Among the issues brought up were the interconnections between capitalism, state capitalism and viewing the planet and people as instruments for creating wealth and whether or not change could be made by lobbying the existing system or by supporting the electoral ambitions of the Green Party.

It is important to note that some labour unions and part of the left are lobbying against limits on CO2 production since they feel this will hurt the economic potential of heavy industry in Poland. In particular, they are heavily defending the coal industry and thus are totally against Greenpeace’s anti-coal campaign.

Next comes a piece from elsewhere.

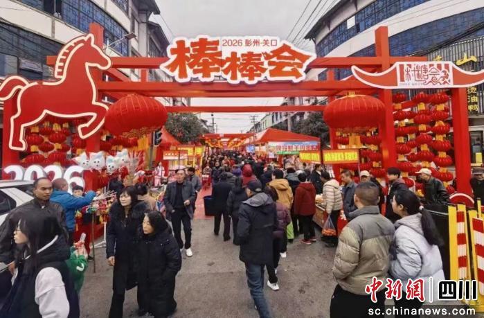 中新网四川新闻2月18日电 17日是正月初一,2026彭州关口棒棒会暨“小火车嘉年华”正式启幕。今年的“新版”棒棒会举办地点从南郡东西街、建设路一带“老窝子”扩展至丹景山镇全域,形成了“景镇一体,全域托举”的热闹场面,迎接八方来客前来体验“彭派”年味。
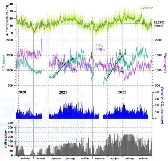 Time series of tracer gas concentration (CO2 and 222Rn) in the El Castillo cave during the period of October 2020–December 2022. The black arrows, continuous and dashed, highlight the opposite trend in the concentration of both gases, indicative of a ventilation process (222Rn) masked, in the case of CO2, by the cumulative effect of the impacts generated by the increasing rate of daily visits. Vertical grey arrows indicate ventilation pulses due to the entry of warmer external air from lower levels.

The “coal miner” issue inspired an interesting debate amongst anarchists. In the course of the debate I had occasion to refer to many classical ideas of anarchism which have either been forgotten by the movement or never made their way into the discussion in modern times. (For example, some basic works of anarchism which may provide interesting approaches to the issues have never been published in Polish.) We were all reminded of the fact that the anarchist movement has long proposed creating safe workplaces and limiting work which is hazardous or which negatively impacts on ecology and health to what is necessary. With different social and economic values, society can work together to explore safer technologies, more environmental solutions and to find ways of dividing the impact of dirty work in a more equitable manner. We mustn’t lose sight of this positive vision which we can offer or be afraid to offer a more complex view on the matter, which happens if we allow ourselves to get bogged down in a black and white debate. Some have been trying to reduce the issue as one of protecting jobs and suggest that people must oppose a reduction in coal use for this reason. But even reformist, single issue Greenpeace has acknowledged in reports, analyses and recommendations that there is a social cost in terms of coal miners jobs and they have tried to argue that since we bear many other costs as a society to deal with the impact of global warming, and since jobs are also lost as an effect of global warming we are better off investing in cleaner energy alternatives and creating jobs in those sectors. The anarchist movement must not duck this issue. We have something to propose which is much richer than the simplistic “defend coal to save miners’ job” approach.